*** Opening of Records to process ***
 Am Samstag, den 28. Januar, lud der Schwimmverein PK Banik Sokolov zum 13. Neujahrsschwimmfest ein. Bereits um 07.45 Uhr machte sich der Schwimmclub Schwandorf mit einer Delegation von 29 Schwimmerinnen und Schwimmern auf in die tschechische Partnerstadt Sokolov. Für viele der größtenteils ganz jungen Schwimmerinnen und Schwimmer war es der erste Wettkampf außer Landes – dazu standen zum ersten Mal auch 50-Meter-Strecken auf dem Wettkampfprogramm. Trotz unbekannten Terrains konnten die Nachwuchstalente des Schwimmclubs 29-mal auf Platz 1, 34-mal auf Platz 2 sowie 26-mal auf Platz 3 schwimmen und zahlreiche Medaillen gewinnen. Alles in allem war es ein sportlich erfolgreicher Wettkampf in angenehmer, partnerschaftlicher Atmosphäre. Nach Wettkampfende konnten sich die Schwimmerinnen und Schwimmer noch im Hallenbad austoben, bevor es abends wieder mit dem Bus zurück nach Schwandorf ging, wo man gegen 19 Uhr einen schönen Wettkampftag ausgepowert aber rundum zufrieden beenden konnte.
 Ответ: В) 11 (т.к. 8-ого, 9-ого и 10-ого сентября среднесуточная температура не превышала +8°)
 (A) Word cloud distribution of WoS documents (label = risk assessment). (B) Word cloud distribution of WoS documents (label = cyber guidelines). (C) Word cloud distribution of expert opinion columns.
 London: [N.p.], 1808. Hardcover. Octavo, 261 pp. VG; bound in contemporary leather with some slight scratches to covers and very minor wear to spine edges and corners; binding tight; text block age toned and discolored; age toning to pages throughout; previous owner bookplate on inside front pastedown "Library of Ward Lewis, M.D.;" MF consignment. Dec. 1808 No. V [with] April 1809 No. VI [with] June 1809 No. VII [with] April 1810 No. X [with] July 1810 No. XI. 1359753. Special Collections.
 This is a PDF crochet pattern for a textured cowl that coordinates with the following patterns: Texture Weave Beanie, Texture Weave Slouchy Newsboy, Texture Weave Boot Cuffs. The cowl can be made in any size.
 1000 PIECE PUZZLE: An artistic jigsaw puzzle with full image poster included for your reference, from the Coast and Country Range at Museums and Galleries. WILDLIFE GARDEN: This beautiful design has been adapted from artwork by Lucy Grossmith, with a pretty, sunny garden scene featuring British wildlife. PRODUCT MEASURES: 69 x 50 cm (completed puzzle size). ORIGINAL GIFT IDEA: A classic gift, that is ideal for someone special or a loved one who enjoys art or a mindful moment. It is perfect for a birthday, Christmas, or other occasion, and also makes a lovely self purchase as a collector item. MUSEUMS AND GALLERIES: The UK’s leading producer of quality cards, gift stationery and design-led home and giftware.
*** Close of Records to process ***
- Assigned task
Across the data, pull every line containing the string "with".

- Your response
 London: [N.p.], 1808. Hardcover. Octavo, 261 pp. VG; bound in contemporary leather with some slight scratches to covers and very minor wear to spine edges and corners; binding tight; text block age toned and discolored; age toning to pages throughout; previous owner bookplate on inside front pastedown "Library of Ward Lewis, M.D.;" MF consignment. Dec. 1808 No. V [with] April 1809 No. VI [with] June 1809 No. VII [with] April 1810 No. X [with] July 1810 No. XI. 1359753. Special Collections.
 This is a PDF crochet pattern for a textured cowl that coordinates with the following patterns: Texture Weave Beanie, Texture Weave Slouchy Newsboy, Texture Weave Boot Cuffs. The cowl can be made in any size.
 1000 PIECE PUZZLE: An artistic jigsaw puzzle with full image poster included for your reference, from the Coast and Country Range at Museums and Galleries. WILDLIFE GARDEN: This beautiful design has been adapted from artwork by Lucy Grossmith, with a pretty, sunny garden scene featuring British wildlife. PRODUCT MEASURES: 69 x 50 cm (completed puzzle size). ORIGINAL GIFT IDEA: A classic gift, that is ideal for someone special or a loved one who enjoys art or a mindful moment. It is perfect for a birthday, Christmas, or other occasion, and also makes a lovely self purchase as a collector item. MUSEUMS AND GALLERIES: The UK’s leading producer of quality cards, gift stationery and design-led home and giftware.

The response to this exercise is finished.